The managers are the cluster’s brain: a small fixed set of VMs that hold Raft consensus and run the control and observability plane. They are three discrete VMs, not a Managed Instance Group, one per zone.

Nodes. swarm-mgr-1/2/3, defined in Terraform with for_each over a manager_nodes map (zones a, b, c), so the VM set and their reserved IPs cannot drift apart. Each is an e2-medium with a 100 GB pd-balanced disk, off a custom ubuntu-2204-docker-swarm-falcon image (Ubuntu 22.04 with Docker and CrowdStrike Falcon). Shielded VM is on.
Quorum. The Raft quorum tolerates one failure: lose a manager and it recovers automatically (Terraform recreates it, the startup script rejoins). Losing two of three has no automatic recovery, a deliberate trade-off over an external etcd or Consul. Recover via the quorum-loss runbook.
Bootstrap and join. The initializer (swarm-mgr-1) runs docker swarm init and writes the worker and manager join tokens to GCP Secret Manager. Everyone else reads its token from there (never from metadata) and joins, finding managers through their static internal IPs on TCP :2377.
Lifecycle. Each boot disk is a standalone resource (auto_delete = false) with hourly snapshots (10-day retention), bounding Raft loss to about an hour. Image upgrades replace the disk one manager at a time, never two (that would break quorum). See the image-upgrade runbook.
swarm-reaper. A leader-gated systemd timer (every 60s, leader only) removes workers stuck Down past the 300s grace period, clearing the ghost entries left by autoscaler scale-in. It exports a swarm_workers_down metric that feeds the swarm_ghost_workers alert.

Worker Plane

The workers run the application workloads on an autoscaling regional Managed Instance Group (swarm-{n|p}-workers).

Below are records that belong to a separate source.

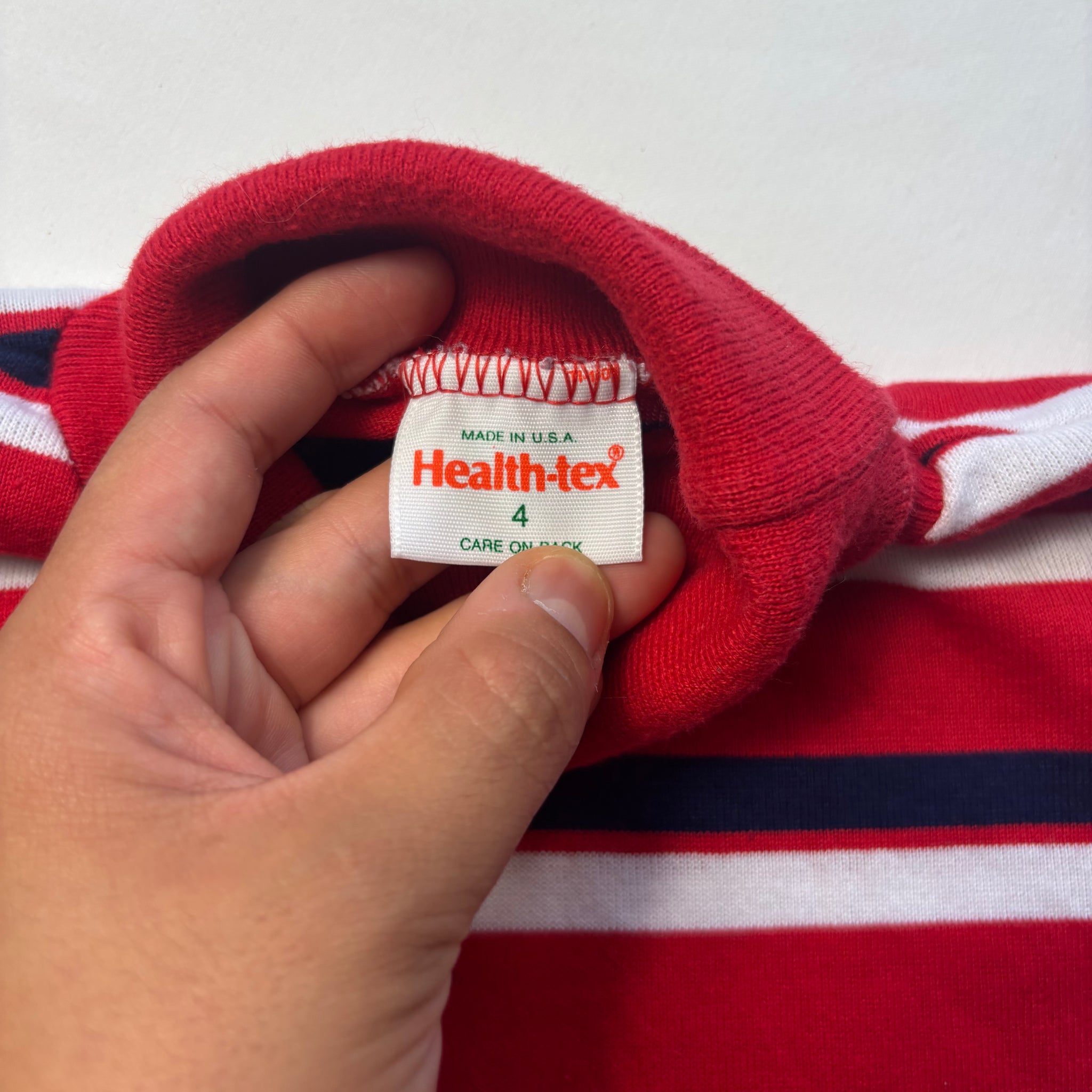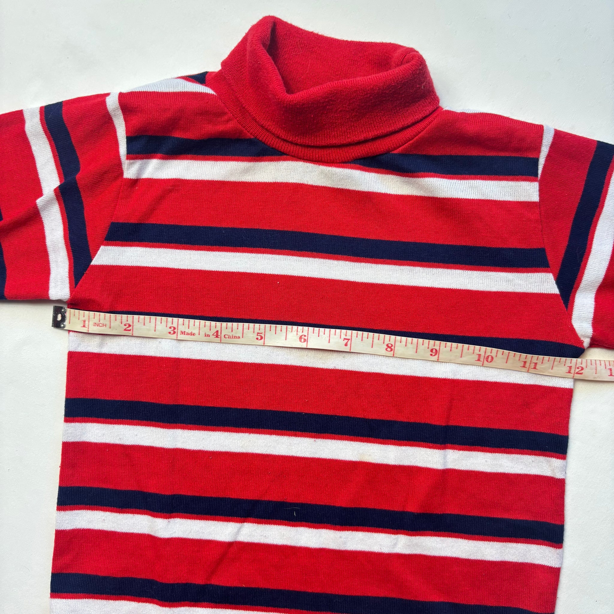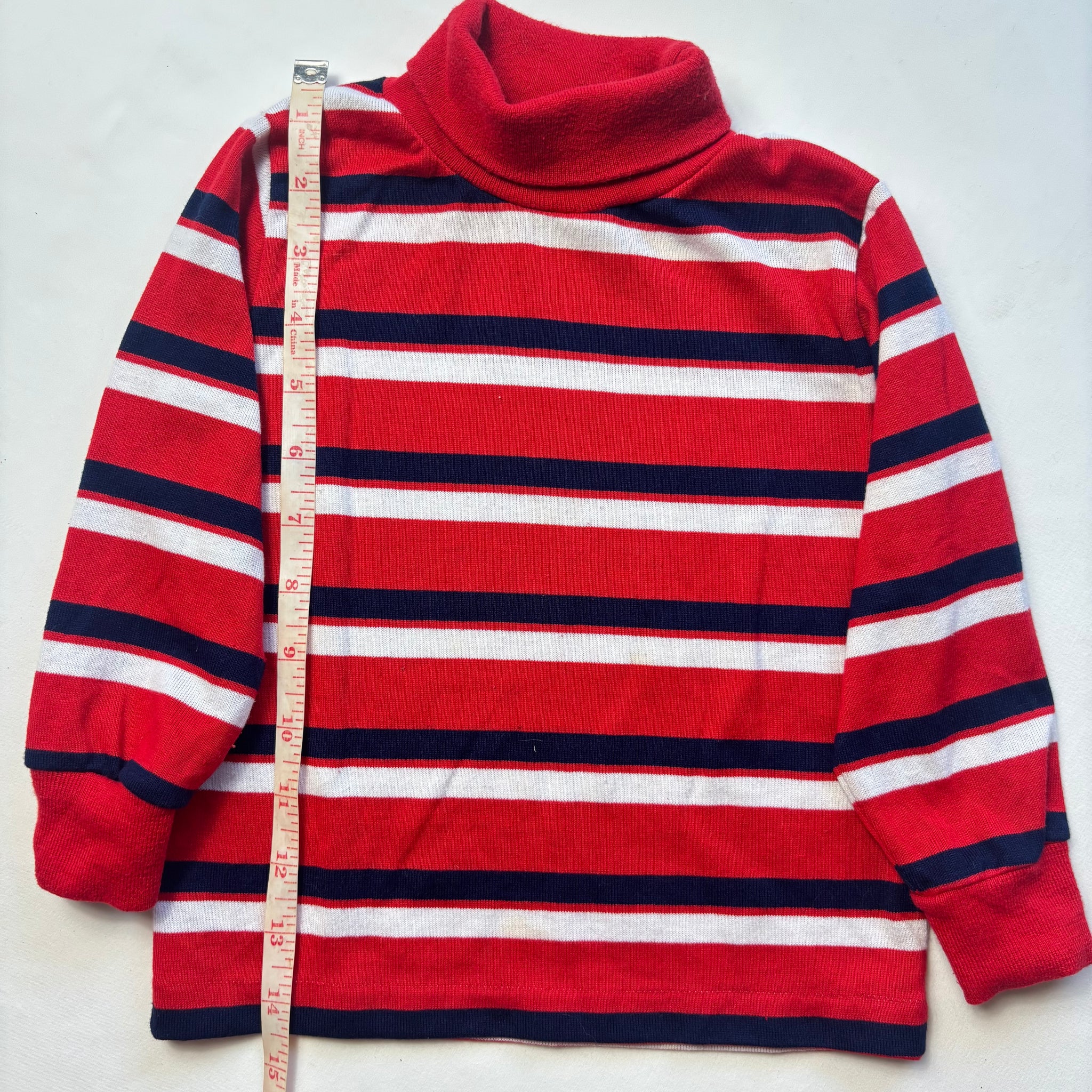 Vintage Healthtex brand red, navy blue, and white striped turtleneck long sleeve shirt! Please see all photos for condition and measurements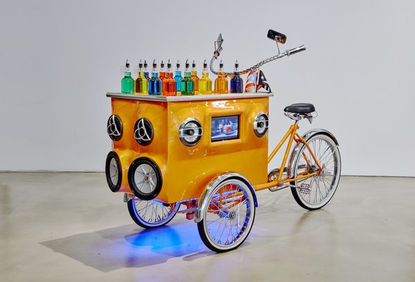 Puerto Rican artist Miguel Luciano appropriates elements from popular culture such as Schwinn bicycles to commemorate the traditions of the Puerto Rican clubs in New York. In Pimp my Piragua, Luciano celebrates the innovations of Latino street vendors by transforming a standard crushed ice cart into a hyper-modified tricycle with a built-in hi-fi sound and video recording system. After immigrating to the United States from Cuba in 2011, the artist Yali Romagoza focused her work on the exploration of identity, power and feminism in an intercultural space. In the installation Monument To The Great Living Artist (2018) Romagoza plays Cuquita, “the Cuban doll”, while she dances “Se acabó” (“It’s over”) by La Lupe and recites the essay “Why Have There Been No Great Women Artists?”. At the end of her performance, Cuquita leaves the following message: “American Feminism as it stands is a white middle-class movement” (Ana Mendieta) and “The Choice is yours. Say it but with an accent” (Cuquita, the Cuban Doll).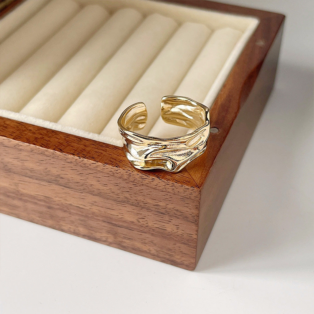 Elevate your accessory collection with our Geometrical Polish Irregular Pleats Open Rings. This set of five rings is designed for the modern individual who appreciates unique, artistic jewelry. Each ring features a distinct hammered and pleated texture, creating a captivating play of light and shadow. The open-cuff design is not only stylish but also allows for easy adjustment, ensuring a perfect and comfortable fit for everyone.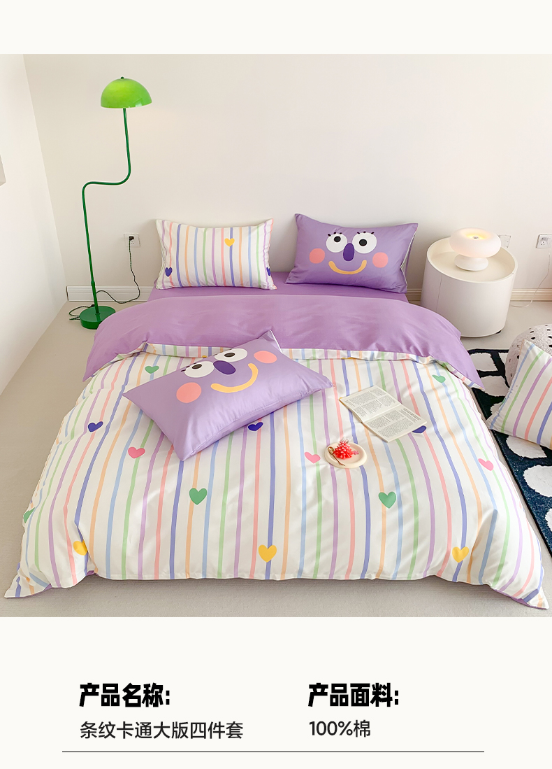 商品名称:澳萝拉 2024新款全棉条纹卡通大版四件套 童话梦
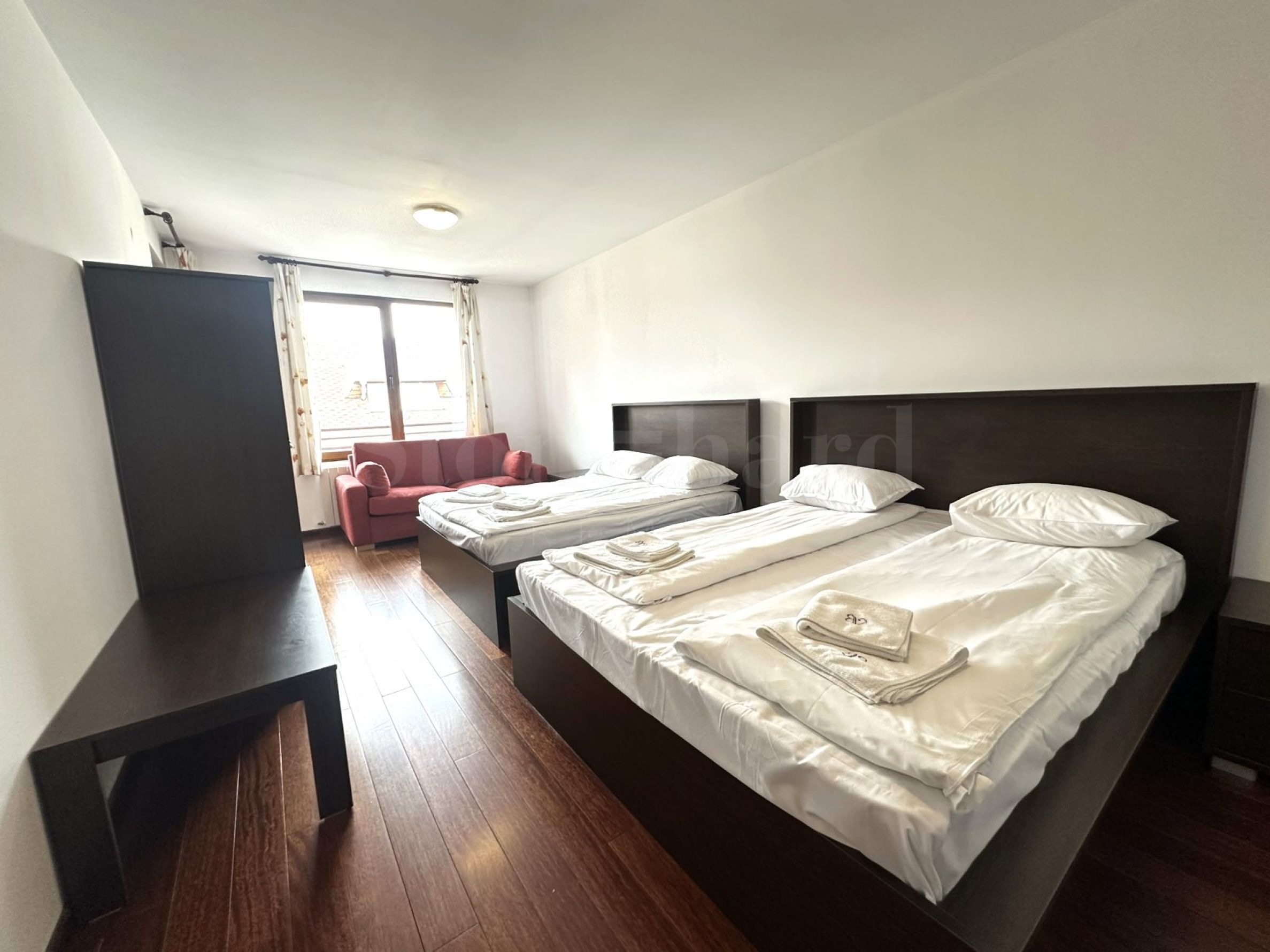 Большая спальня с двумя двуспальными кроватями, трехстворчатым шкафом, а также удобным диваном;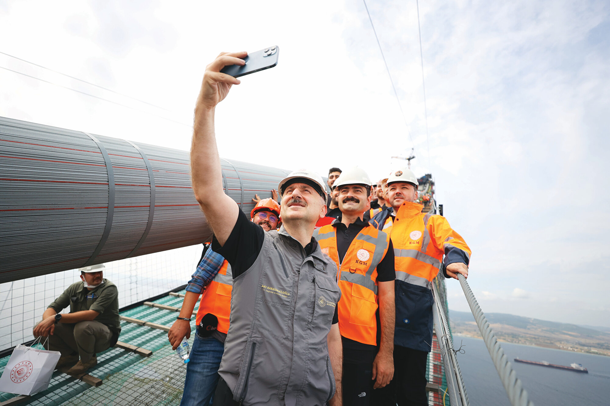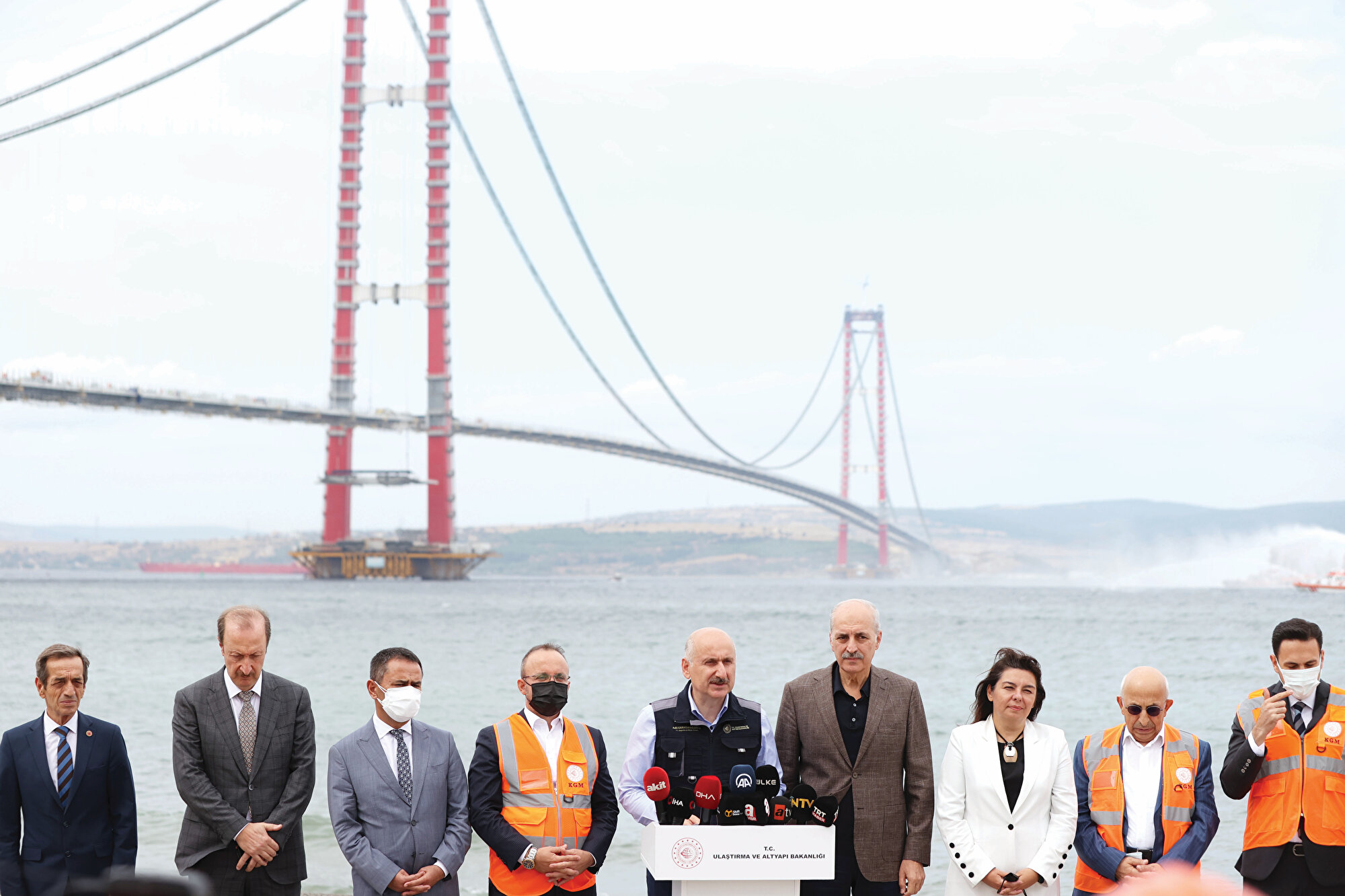 15 Temmuz Şehitler, Fatih ve Yavuz köprülerinin ardından Asya ile Avrupa kıtalarını karayoluyla dördüncü bir boğaz köprüsüyle birleştiren 1915 Çanakkale Köprüsü’nde 87 tabliyenin montajı tamamlandı. 18 Mart 2022’de hizmete açılması hedeflenen köprüyü kullanarak Asya’dan Avrupa’ya geçen Ulaştırma Bakanı Adil Karaismailoğlu, “Artık ‘Asırların hayali’ için geri sayım başladı diyebiliriz” dedi.

Fleet. n2-highmem-4 VMs across four zones (a, b, c, f). The instance template is content-addressed, so any change to machine type, image, disk, tags, manager IPs, or startup script renames it. Workers have no external IP and egress through Cloud NAT.
Autoscaling on memory, not CPU. Memory is the binding constraint, so the autoscaler keys on the Ops Agent metric agent.googleapis.com/memory/percent_used: 70% target, 180s cooldown, scale-in at most one replica per 15-minute window. min_replicas and max_replicas are bootstrap defaults only (ignore_changes); live bounds are tuned in the console (intent: non-prod 12 to 18, prod 8 to 12, the non-prod floor higher because it absorbed migration churn).
Health and autohealing. A TCP health check on :9323 (the dockerd metrics endpoint) is the liveness signal: if dockerd answers, the node can take tasks. About three minutes of failures triggers a MIG REPAIR (600s initial delay, so a still-booting node is not recreated).
Joining and draining. On boot a worker fetches its join token from Secret Manager and probes each manager on :2377 (up to five minutes, to ride out firewall propagation). The MIG update policy is OPPORTUNISTIC: template changes stage but do not auto-roll, so workers are rolled one at a time (see the rolling-update runbook). On scale-in, a systemd ExecStop unit calls swarmctl’s /drain so tasks migrate first, within an 80s shutdown ceiling, then falls through to docker swarm leave --force.
Validation. Exercise the full autoscale lifecycle (MIG provision, swarmctl rebalance, worker drain) with the autoscale-validation runbook.

Control Plane: swarmctl

Swarm’s scheduler places new tasks across nodes but never moves existing replicas, and on shutdown it reactively kills and reschedules tasks. swarmctl is a small Go controller that fills both gaps:

Rebalance: when the autoscaler adds a worker, swarmctl force-updates services so Swarm spreads tasks onto it (otherwise a fresh worker sits idle).
Drain: on worker shutdown, swarmctl sets the node to drain and waits for tasks to migrate before the VM leaves.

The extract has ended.